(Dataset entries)
__________

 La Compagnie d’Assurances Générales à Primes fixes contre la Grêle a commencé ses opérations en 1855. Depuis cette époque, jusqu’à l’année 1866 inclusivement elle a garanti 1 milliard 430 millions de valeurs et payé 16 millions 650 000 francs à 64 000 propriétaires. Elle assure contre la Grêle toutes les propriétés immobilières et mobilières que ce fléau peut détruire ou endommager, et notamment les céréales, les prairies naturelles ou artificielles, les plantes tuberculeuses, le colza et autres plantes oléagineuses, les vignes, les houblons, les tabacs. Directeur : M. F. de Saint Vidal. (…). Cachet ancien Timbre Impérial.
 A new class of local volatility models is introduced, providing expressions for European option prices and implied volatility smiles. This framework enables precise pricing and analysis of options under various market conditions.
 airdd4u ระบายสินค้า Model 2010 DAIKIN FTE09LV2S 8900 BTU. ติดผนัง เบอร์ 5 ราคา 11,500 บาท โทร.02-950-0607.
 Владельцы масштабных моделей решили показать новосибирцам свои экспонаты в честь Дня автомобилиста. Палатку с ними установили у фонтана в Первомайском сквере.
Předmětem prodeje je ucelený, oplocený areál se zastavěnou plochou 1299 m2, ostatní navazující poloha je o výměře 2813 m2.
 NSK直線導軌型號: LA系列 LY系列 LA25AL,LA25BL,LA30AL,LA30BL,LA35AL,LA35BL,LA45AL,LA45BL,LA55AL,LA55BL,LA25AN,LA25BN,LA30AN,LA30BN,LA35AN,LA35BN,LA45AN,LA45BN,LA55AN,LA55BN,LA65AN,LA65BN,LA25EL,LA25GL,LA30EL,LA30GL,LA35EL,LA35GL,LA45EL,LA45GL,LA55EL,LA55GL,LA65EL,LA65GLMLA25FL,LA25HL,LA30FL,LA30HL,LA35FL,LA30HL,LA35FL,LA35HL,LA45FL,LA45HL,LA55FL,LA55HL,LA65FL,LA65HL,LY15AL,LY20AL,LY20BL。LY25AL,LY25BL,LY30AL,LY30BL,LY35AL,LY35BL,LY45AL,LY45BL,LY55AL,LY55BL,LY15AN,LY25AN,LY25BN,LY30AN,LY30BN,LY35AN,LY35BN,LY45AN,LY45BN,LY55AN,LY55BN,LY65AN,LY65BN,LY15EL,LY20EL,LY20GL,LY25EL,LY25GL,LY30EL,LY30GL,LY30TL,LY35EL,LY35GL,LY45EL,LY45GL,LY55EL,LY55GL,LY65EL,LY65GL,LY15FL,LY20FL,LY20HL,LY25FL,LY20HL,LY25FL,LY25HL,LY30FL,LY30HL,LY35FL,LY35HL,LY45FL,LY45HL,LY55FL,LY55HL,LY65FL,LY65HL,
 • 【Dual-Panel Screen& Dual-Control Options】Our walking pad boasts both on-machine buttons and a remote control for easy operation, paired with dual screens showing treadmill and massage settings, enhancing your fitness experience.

__________

Copy the records above faithfully. Begin at their first line, end at the line containing "airdd4u ระบายสินค้า Model", and include nothing else.

WORKED SOLUTION:
 La Compagnie d’Assurances Générales à Primes fixes contre la Grêle a commencé ses opérations en 1855. Depuis cette époque, jusqu’à l’année 1866 inclusivement elle a garanti 1 milliard 430 millions de valeurs et payé 16 millions 650 000 francs à 64 000 propriétaires. Elle assure contre la Grêle toutes les propriétés immobilières et mobilières que ce fléau peut détruire ou endommager, et notamment les céréales, les prairies naturelles ou artificielles, les plantes tuberculeuses, le colza et autres plantes oléagineuses, les vignes, les houblons, les tabacs. Directeur : M. F. de Saint Vidal. (…). Cachet ancien Timbre Impérial.
 A new class of local volatility models is introduced, providing expressions for European option prices and implied volatility smiles. This framework enables precise pricing and analysis of options under various market conditions.
 airdd4u ระบายสินค้า Model 2010 DAIKIN FTE09LV2S 8900 BTU. ติดผนัง เบอร์ 5 ราคา 11,500 บาท โทร.02-950-0607.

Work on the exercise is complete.